TASK DIRECTIONS: Only the lines from the first line of the entries through the line with "Pour une psychanalyse" belong in the answer, each restated word for word and without pictures.

(Saved entries)
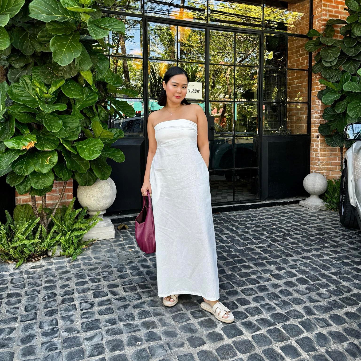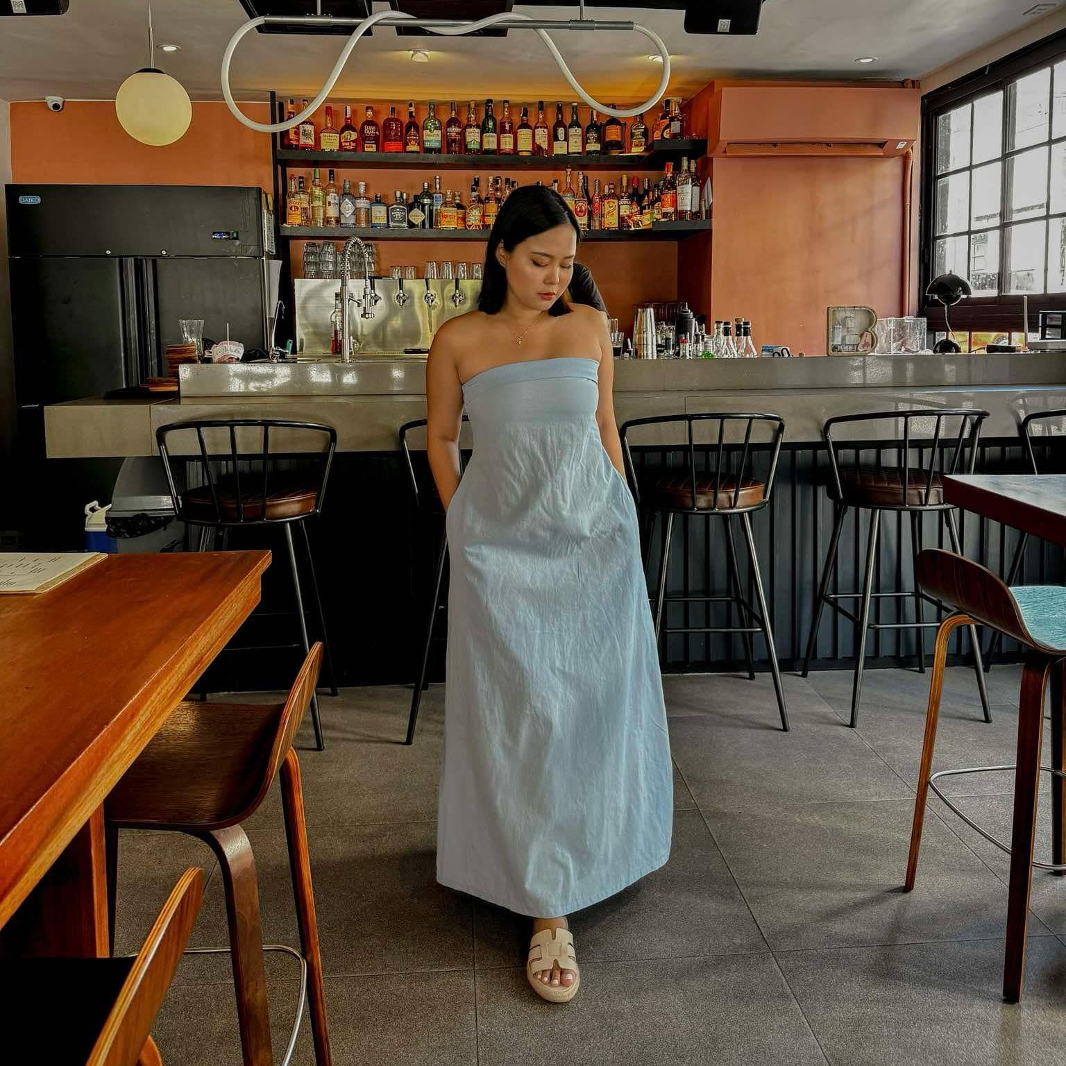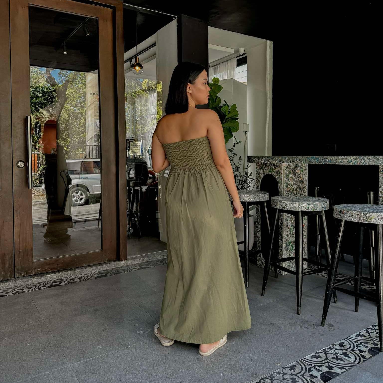 Marie Tube Dress- A linen dress that is perfect for any occasions. It has 2 pockets and will give you a very flattering body shape!- 44 to 45 inches length- garterized or smocking back details- Freesize, can fit XS to semi Large frame
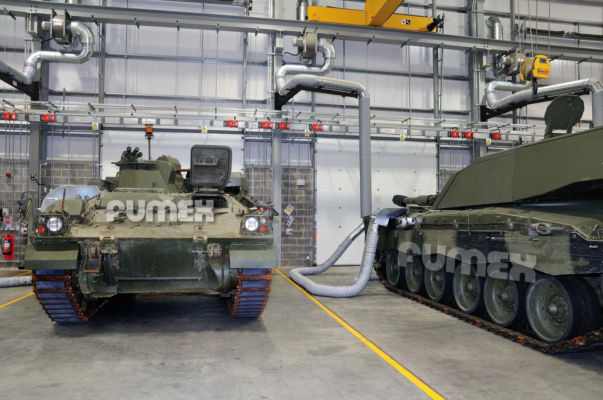 We always install high-performance centrifugal fans and can supply a vast range of rubber or steel nozzles, free-standing nozzles and exhaust hoods for military vehicles.
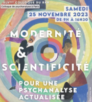 Pour une psychanalyse actualiséeXLVe Colloque du Réseau pour la psychanalyse à l’hôpital (RPH) Si la rigueur méthodologique signe la scientificité d’une discipline, la modernité l’inscrit …
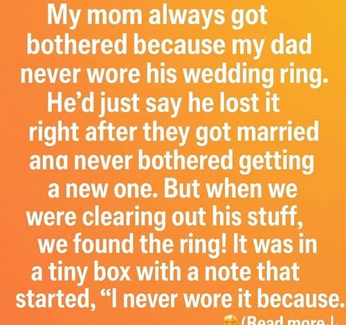 After he passed away, their children helped Maria sort through his belongings. In an old wooden drawer, tucked beneath letters and keepsakes, they found a small box. Inside was his wedding ring, carefully preserved. Beside it lay a handwritten note:
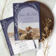 Eine moderne rustikale und boho Wüste, mutige Hochzeit retten das Datum. Alle Texte, Namen und Hintergrundfarben sind mit 2 Fotos und rustikalem bogenförmigen Foto mit böhmischer Wüste staubblauer Marineblau, mit essbaren blumengetrockneten Pampas-Gras, anpassbar.
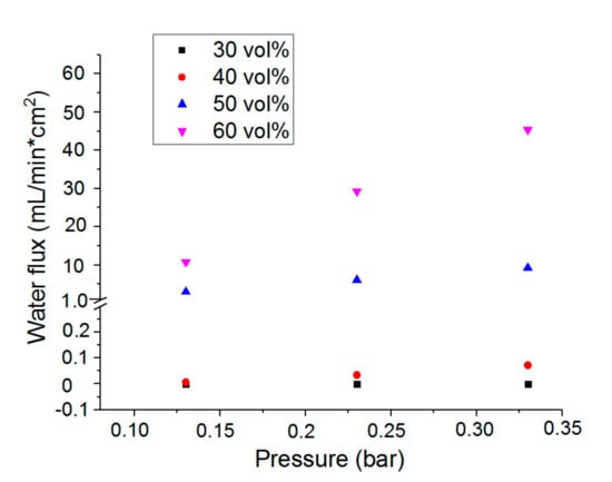 Water flux through the microporous PTMC films, vol % refers to the amount of CaCO3 particles used during preparation of the films.
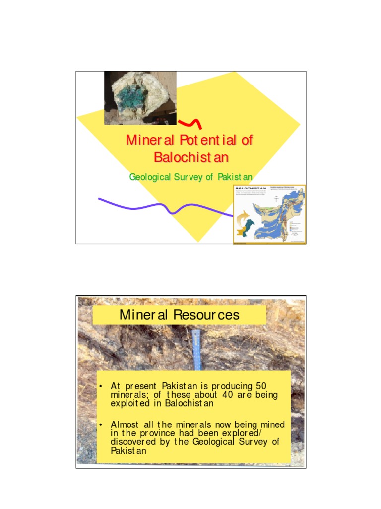 Kohistan Magmatic ArcKarakoram BlockChaman- Ornach-Nal Transform Fault zoneLasbela- Khuzdar, Muslim Bagh, Zhob-WaziristanOphiolites & Melange zoneSediment hosted Lead-Zinc- Barite- Flourite deposits.Kirthar Thrust & Fold Belt.Sulaiman Thrust & Fold Belt.
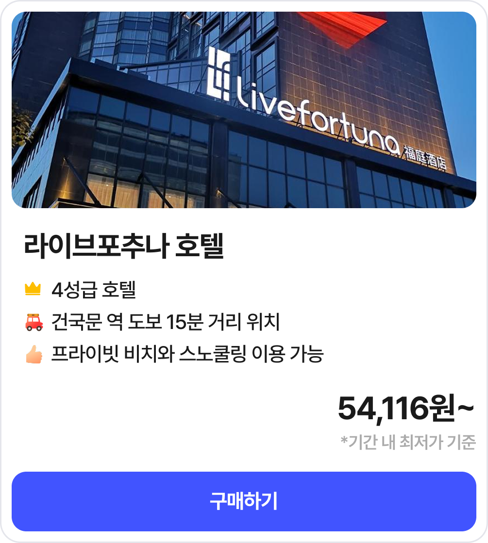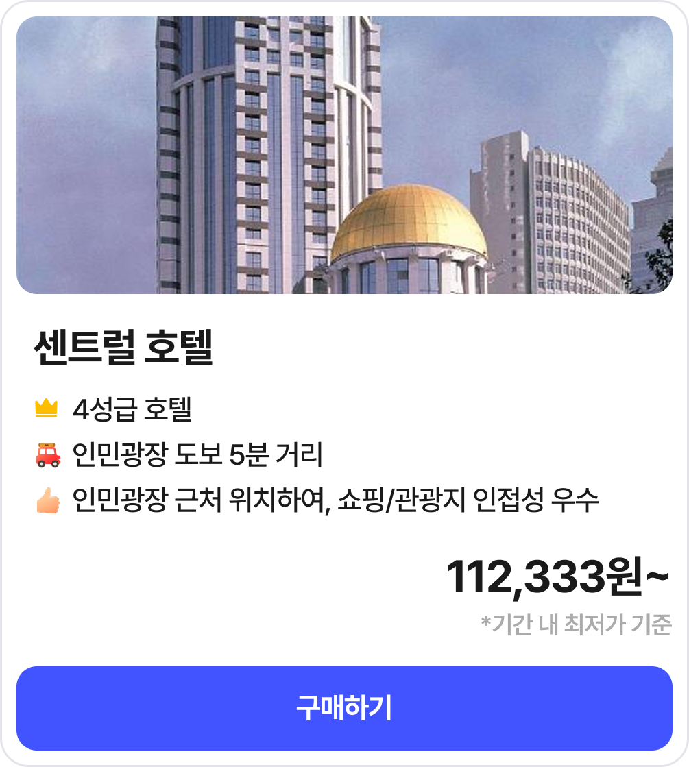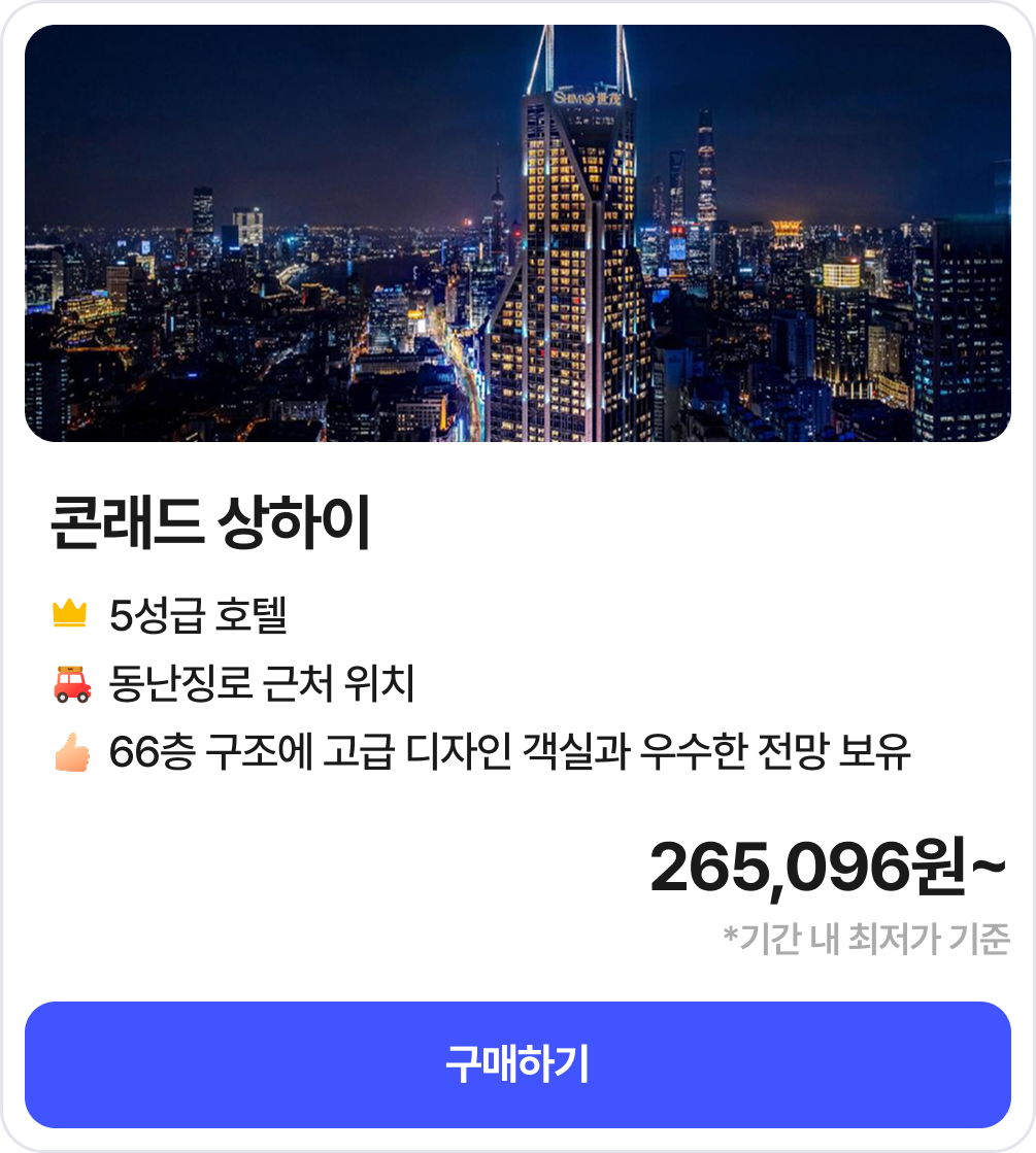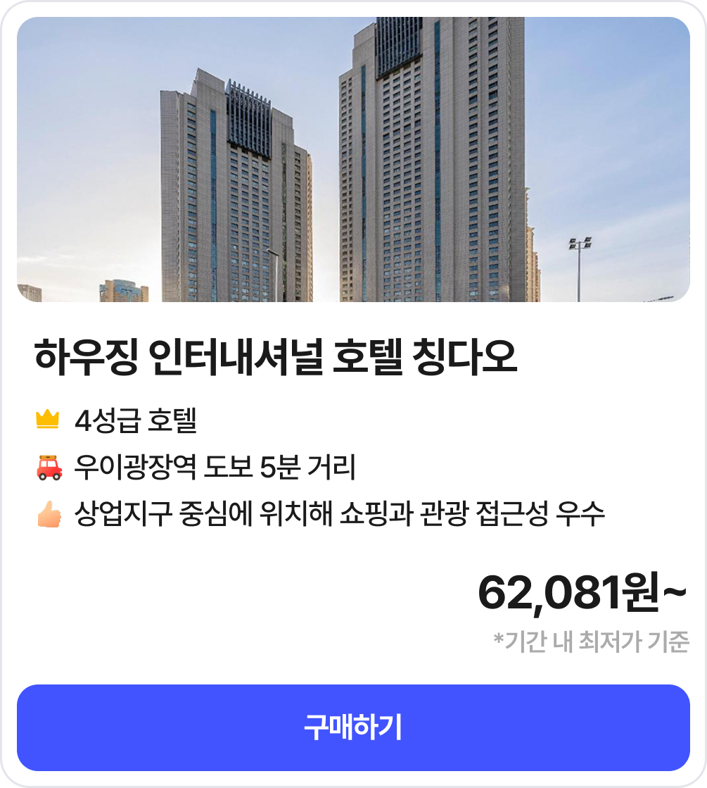 ∘ 투숙기한 제한없음∘ 상품 판매가 30만원 이상 결제시 적용∘ 중국 전 지역 숙소
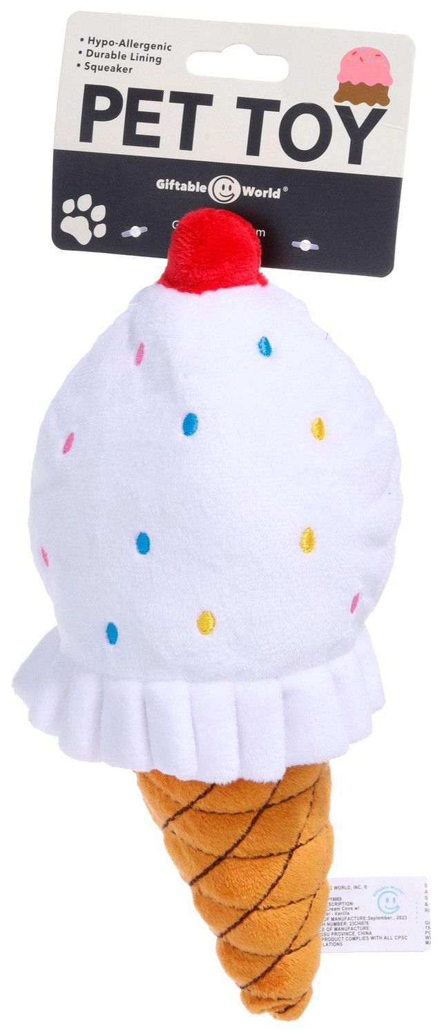 Playtime just got sweeter with this ice cream cone dog toy! This soft, plush pet toy serves up a swirl of fun with its soft, plush texture and irresistible squeaker inside. Designed to look like a tasty treat, its perfect for pups who love to chew, tug, or snuggle. Fabrication is 100% Polyester. Measures approximately 10 in x 5 in.
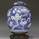 A Chinese blue and white porcelain jar and cover, mark of Kangxi but late 19th Century, the ovoid body and domed cover painted with blossoming prunus branches, underglaze blue four character mark to base, height approx 21.5cm, together with a carved wood stand.
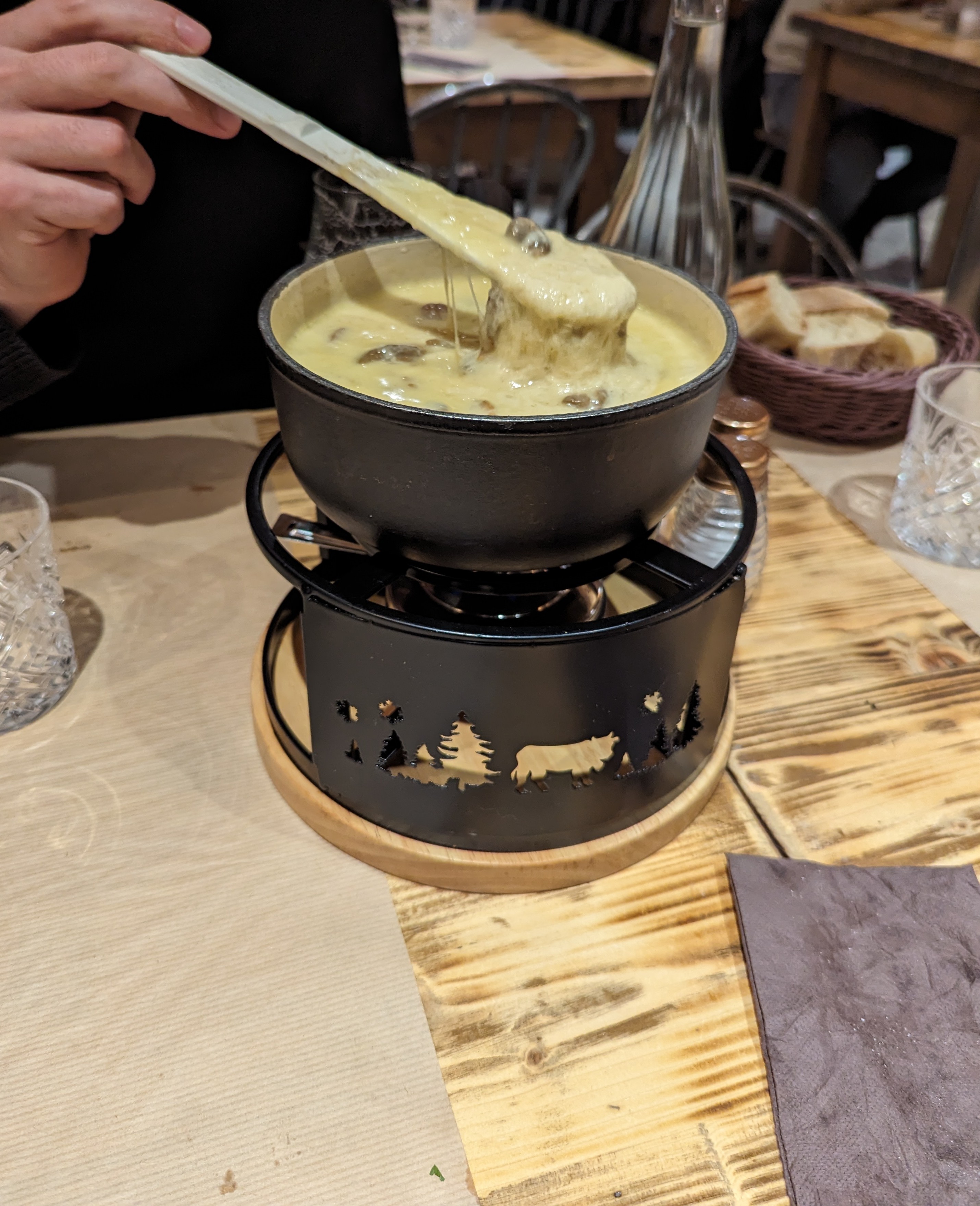 La fondue était vraiment délicieuse. Le personnel très sympathique. La brioche perdue très gourmande. Par contre j’ai jamais vu qu’on devait couper le pain nous même pour faire des croûtons lol… Vraiment dommage pas de bières de la région.

EXERCISE ANSWER:
 Marie Tube Dress- A linen dress that is perfect for any occasions. It has 2 pockets and will give you a very flattering body shape!- 44 to 45 inches length- garterized or smocking back details- Freesize, can fit XS to semi Large frame
 We always install high-performance centrifugal fans and can supply a vast range of rubber or steel nozzles, free-standing nozzles and exhaust hoods for military vehicles.
 Pour une psychanalyse actualiséeXLVe Colloque du Réseau pour la psychanalyse à l’hôpital (RPH) Si la rigueur méthodologique signe la scientificité d’une discipline, la modernité l’inscrit …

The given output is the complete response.